The liquid developer of the present invention may be prepared in
any suitable manner. Typically, the liquid developer may be
prepared by mixing the several constituents of the developer
together. It may also be prepared by mixing a first liquid portion
containing the toner particles with an insulating liquid and a
second portion containing the body pigment particles.
Alternatively, a paste containing toner and body pigment particles
may be dispersed within the insulating liquid.
From the above description of the invention, the choice of specific
materials and operating conditions is deemed to be well within the
scope of those skilled in the art and therefore the scope of the
invention is not limited by the hereinabove mentioned illustrative
materials. The extender body pigment particles may be employed with
any suitable liquid developer. Typical liquid developers contain
liquids of relatively high insulating value generally having a
volume resistivity greater than about 10.sup.10 ohm-cm so as not to
effect the electrostatic charge pattern on the insulating layer and
low dielectric constants of less than about 3.4. Typical specific
vehicles include hydrocarbons such as benzene, xylene, hexane,
naptha, kerosene, halogenated hydrocarbons such as carbon
tetrachloride, trichloroethylene and chloroform. Typical charged
toner particles which may be employed with the liquid developer
include, among others, charcoal, carbon black, magnesium oxide,
lithopone, cadmium yellow, chrome yellow, cobalt blue, cadmium red,
burnt siena, Hansa yellow, rose bengal and phthalocyanine.
Typically, the charged toner particles are present in the liquid
developer in an amount of from about 2 to about 20 grams per liter,
and are conventionally dispersed and suspended in the liquid by
stirring or agitation. Where a highly uniform stable suspension is
desired, this suspension may be passed through a colloid mill. The
liquid developers according to the present invention may be
employed to develop electrostatic charge patterns present on any
suitable imaging surface. Basically, any material capable of
holding a charge pattern may be employed. Typical materials include
dielectric layers, xeroprinting masters and photoconductors. A
particularly preferred material for use in automatic copying
machines is a photosensitive paper comprising photoconductive
pigment particles in an insulating binding layer. Typically, this
paper comprises zinc oxide photoconductive particles present in an
insulating binding layer which is overcoated on a paper substrate.
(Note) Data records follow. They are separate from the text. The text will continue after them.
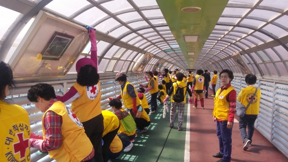 |  | | | ⓒ 김천내일신문 | | 대한적십자 봉사회 김천지구협의회(회장 서성숙) 회원 60명은 지난 9월 14일 김천의 명물 “평화육교”를 민족의 대명절 한가위를 앞두고 묵은 때를 벗겨냈다. 이날, 봉사회원들은 김천시 도로보수원의 고압세척기의 도움을 받아 깨끗이 청소를 실시했다. 본 봉사회는 해마다 우리시의 깨끗한 이미지를 심어주기 위해 명절을 앞두고 평화육교 청소작업을 해 오고 있는 봉사단체이다. 참석한 회원들은 육교내부가 폴리그라스로 덮여 기온이 높아 작업이 힘든데도 불구하고, 추석에 고향을 찾아오는 귀성객들이 가족이나 친지들을 만날 생각을 하면 참을만하다며 걸레를 진 손으로 땀을 닦으며 함박웃음을 지었다.
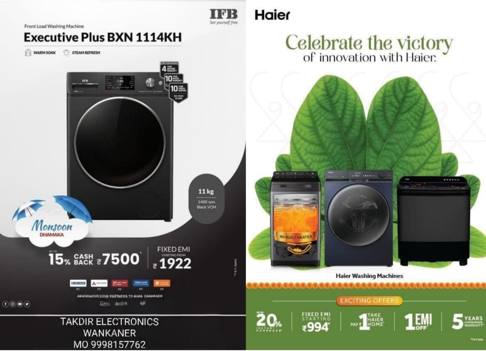 • હાયર કંપનીના ફ્રન્ટ લોડ વોશિંગ મશીન અને ટોપ લોડ હીટર વાળા વોશિંગ મશીન પર પાંચ વર્ષની ફુલ વોરંટી સાથે ક્રેડિટ કાર્ડ અને ફાઈનાન્સ પર ખરીદી પર સ્પેશિયલ કેશબેક ઓફર…
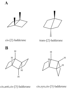Ladderanes have two types of stereochemical relationships.[3] One describes the relative arrangement of hydrogen atoms at the fusion between two cyclobutane rings. These hydrogen atoms can be in either the cis- or trans- configuration. Trans-ladderanes have not been synthesized due to the ring strain in these compounds.

The choice of particular imaging member and particular development
technique may be readily determined by one skilled in the art. For
example, the photosensitive paper described above may be
substituted with photoconductor materials made from cadmium
sulfide, zinc sulfide, zinc selenide, cadmium selenide, titanium
dioxide, phthalocyanine and polyvinyl carbazole. As previously
discussed, the liquid developers according to the present invention
may also contain dispersed in the insulating liquid vehicle charge
control agents and suspending agents for their well known
functions. The selection of the appropriate materials to perform
these well known functions may be readily made by the artisan.
When employing a liquid developer comprising toner particles which
are positively charged, the extender body pigment particles must
also be positively charged in the insulating liquid. The use of
calcium carbonate and aluminum hydroxide as the extender body
pigment particles is particularly preferred when positively charged
particles are to be employed since they become positively charged
merely be being suspended in the insulating liquid. In order to
disperse these minute particles to provide a stable suspension in
the insulating liquid a resin may also be employed. Typically, from
about 0.5 to about 50 parts by weight of the resin per part of the
extender pigment may be employed. A portion of this resin appears
to be strongly absorbed on the surface of the calcium carbonate or
the aluminum hydroxide and the charge on these particles may be
further stabilized depending on the specific resin employed.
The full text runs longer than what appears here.